MA410 Spring 2024 Homework 1
Due as indicated for each problem.
All solutions must be submitted on the Moodle web site
for the class at wolfware.ncsu.edu.
You may upload a photo of your handwritten solution or
a file of your typed solution.
Note my office hours on my
schedule.

Due Thurs January 25, 11:59pm.
Please prove by induction that for the nth
Chebyshev Polynomial of the First Kind T_{n}(x) in the variable x
with integer coefficients
[https://en.wikipedia.org/wiki/Chebyshev_polynomials],
defined by the linear recurrence T_{0}(x) = 1, T_{1}(x) = x,
T_{n+2}(x) = 2xT_{n+1}(x)  T_{n}(x) for all n ≥ 0 one has
T_{n}( (y + 1/y)/2 )
= (y^{n} + 1/y^{n})/2 for all n ≥ 0, real numbers y ≠ 0.

Due Thurs January 25, 11:59pm.
Consider the Catalan numbers as defined
C_{n} = binomial(2n,n) / (n+1)
in ENT, §1.2, Problem 10, page 12 for all n ≥ 0.
Prove that C_{n} = binomial(2n,n) – binomial(2n,n–1) for
all n ≥ 1, thus showing that the C_{n} are integers.
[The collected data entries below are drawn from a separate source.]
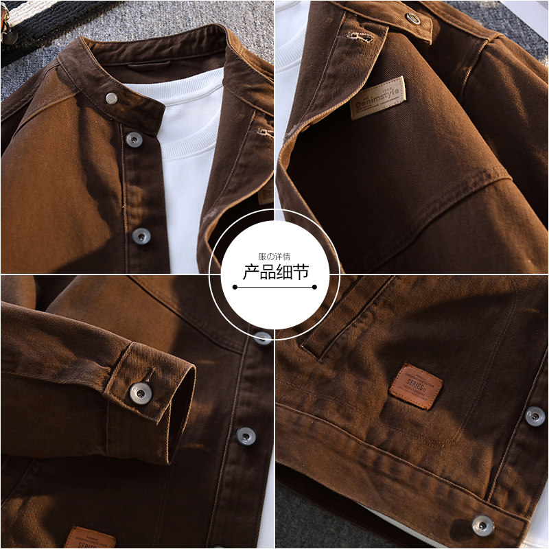 纯棉牛仔外套男春秋款学生夹克潮牌帅气青少年美式复古工装褂子男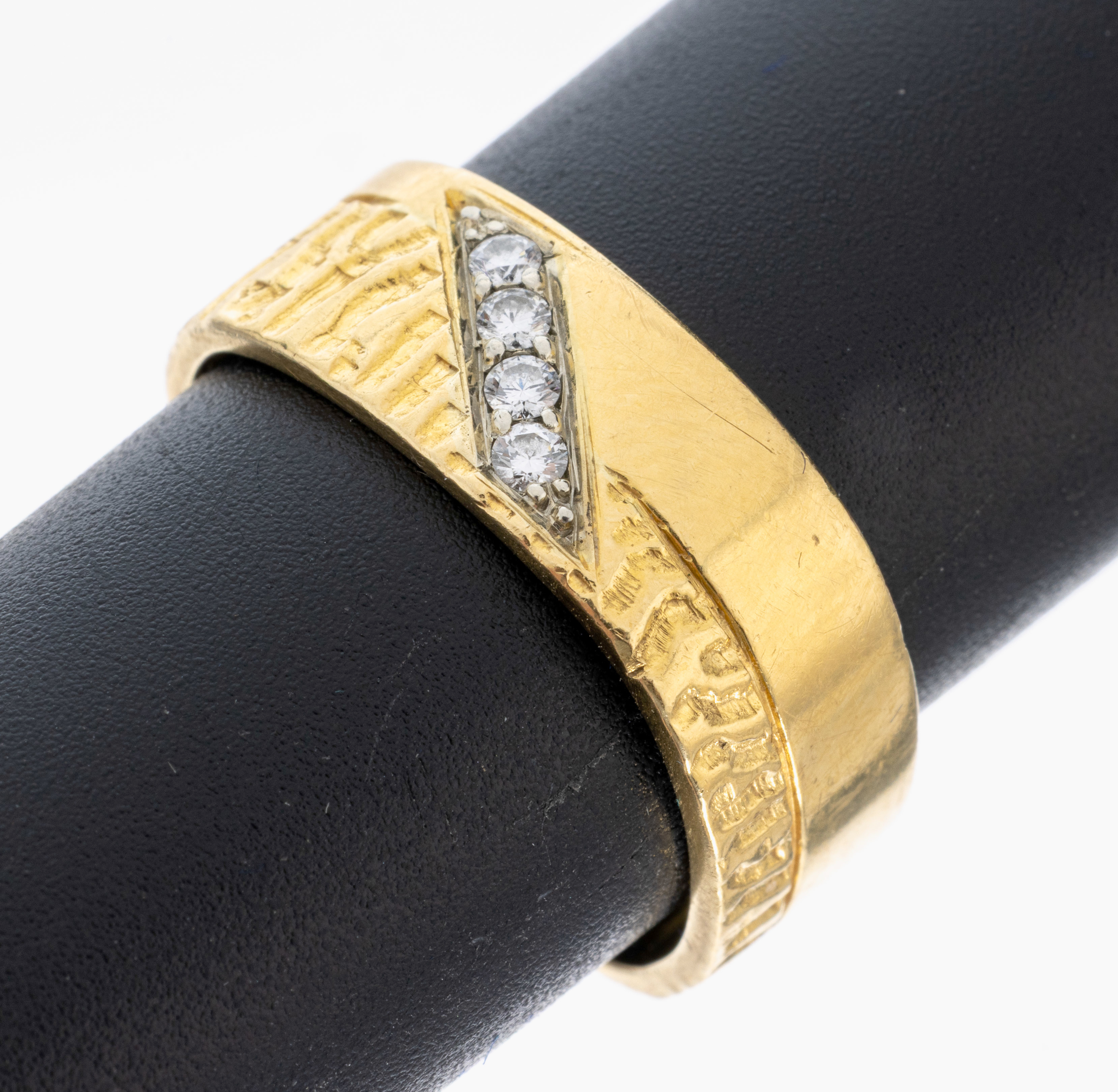18 kt Gold Brillant-Ring, GG/WG 750/000, grav. und pol., mittig 4 in WG gefasste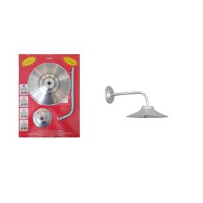 O kit contém: prato em alumínio polido, braço galvanizado de 5/8 de 40cm comprimento total , soquete cerâmico e27 e canopla rosqueável galvanizada.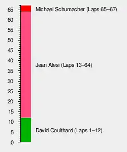 The McLarens and Berger's Ferrari slipped back in the early laps of the race, with both McLarens overtaken by the Pacific and Forti cars as they dropped down the order.[32][36] The McLaren chassis handled badly in the wet conditions, while the throttle response of the Mercedes engine was also too abrupt to be driven effectively in the rain.[8] Berger dropped to ninth place suffering from an incorrectly pressured set of tyres that left him with a handling imbalance.[14] Alesi moved up to fourth position, overtaking Herbert on lap five and Irvine on lap eight.[1] Berger and the McLarens moved back up the order as drivers made a pit stop for slick tyres. As the front-runners made their stops, Alesi ended up twenty seconds ahead of Coulthard, Schumacher and Hill.[32] By the end of lap 17, most of the drivers had pitted for slick tyres and the running order had stabilised as Alesi led ahead of Coulthard, Schumacher, Hill, Berger and Irvine.[1] Frentzen was outside the points in seventh, but on the next lap he collided with Pedro Diniz's Forti while trying to lap him, retiring from the race as a result.[8] Panis and Blundell were also out by this stage, both having spun off the track on lap 15.[1]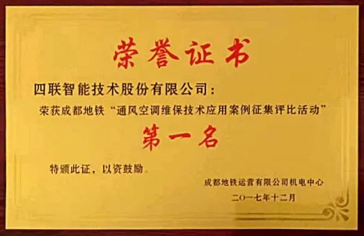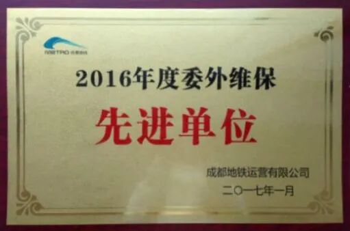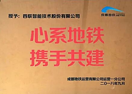 2018年1月四联智能荣获“成都地铁运营线施工管理先进单位”奖牌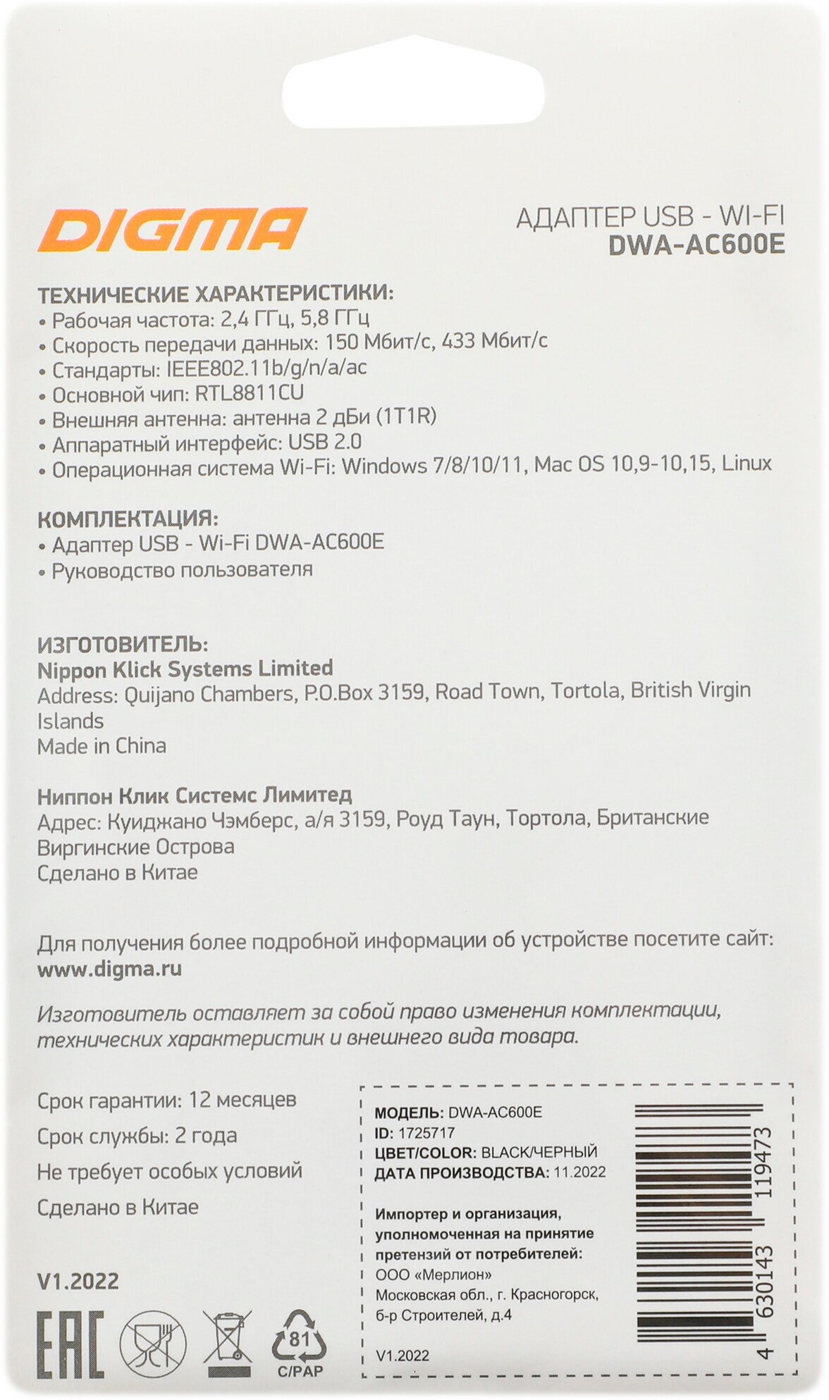 Отзывы на Сетевой адаптер Wi-Fi Digma DWA-AC600E AC600 USB 2.0 (ант.внеш.съем) 1ант. (упак.:1шт)

Due Tues January 30, 11:59pm.
ENT, §2.2, Problem 20(f), page 25:
If gcd(a, b) = 1, then gcd(a^{2}, b^{2}) = 1.
Hint: prove first that GCD(a,b^{2}) = 1,
and then GCD(A^2, B) = 1 for A=a and B = b^2;
or use the Fundamental Theorem of Arithmetic.

Due Tues January 30, 11:59pm.
Please compute integers x,y,z such that 90x + 99y + 110z = 1.
Please show your work, computing a solution to 90x + 99y = 9 and
9w + 110z = 1 first. Note: you only need to give one triple.

Due Tues February 6, 11:59pm.
Prove for the extended Euclidean algorithm described in class:
s_{k} t_{k+1} – s_{k+1} t_{k}
= (–1)^{k+1}
for all –1 ≤ k ≤ n–1.